New owners of the Big League Dreams sports park in east Las Vegas say they plan to upgrade and expand the 11-year-old site, which features six replica professional baseball stadiums.

TC Sports Group has committed to spending $550,000 on capital improvements by next year with hopes to bring in bigger events to draw more spectators to the area, according to Kevin Flora, its chief operating officer.

Company officials addressed the Las Vegas City Council on Wednesday, outlining plans for the existing public-private partnership after they purchased the sports park and nine other Big League Dreams parks throughout the U.S. earlier this year.

Las Vegas constructed the local park in 2010, located on 30 acres at Gary Reese Freedom Park, the city said. It has served as a host for youth and adult softball and youth baseball tournaments, and company events, and includes a pro shop, batting cages, stadium club restaurant and indoor soccer facility.

City Manager Jorge Cervantes said it was the vision of former Mayor Oscar Goodman and ex-Councilman Gary Reese to bring sports opportunities to the eastern part of the city, and it has proven to be a “win-win.”

“I think it’s important that the public know that this has been a dream of councils going forward,” Mayor Carolyn Goodman said, referring to the park’s history with past lawmakers.

Flora, a former Major League Baseball player, said the new ownership team is an experienced group. Vice President Joe Giansante is a former associate athletic director for the University of Oregon. Chris Gwynn, an ex-major leaguer and brother to Hall of Fame baseball player Tony Gwynn, will oversee youth sports academies at the park.

Flora said the group wants to continue with the park’s core business: baseball, softball and company events. But it also plans to convert a pavilion, which has been used primarily for indoor soccer leagues, to introduce volleyball, basketball, cheerleading, celebrity softball games and more.

Expanding events and improving the site — paired with pursuing the sale of naming rights and sponsorships — is expected to increase revenue for the park, which was shut down for nine months during the pandemic, company officials said.

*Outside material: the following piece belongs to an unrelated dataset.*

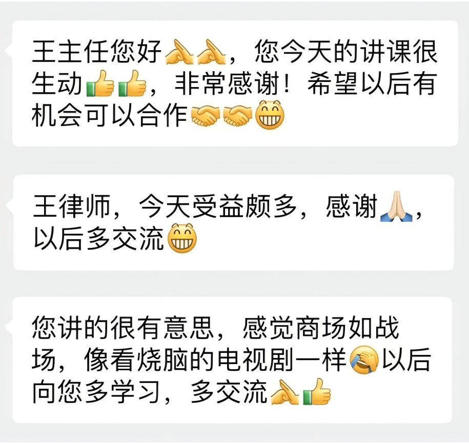 王律师的讲座不仅为在场律师提供了实用的法律知识和策略,也促进了行业内的交流与合作,受到了与会者的一致好评。

There were 325,000 visitors to the park in 2018, Giansante said.

TC Sports Group projected $167,000 in sales tax revenue next year and a significant increase to the park’s current area economic impact from $40.2 million to $91.9 million by 2030, according to Flora. It also expects the park will employ 80 people by 2025.

Councilwoman Olivia Diaz, who represents Ward 3 where the park is located, said she hoped that people who lived nearby would be considered for job opportunities and she urged owners to not lose sight of giving the broader community access to the park.

Flora, who has been involved with Big League Dreams for two decades, said TC Sports Group wants to be a philanthropic partner.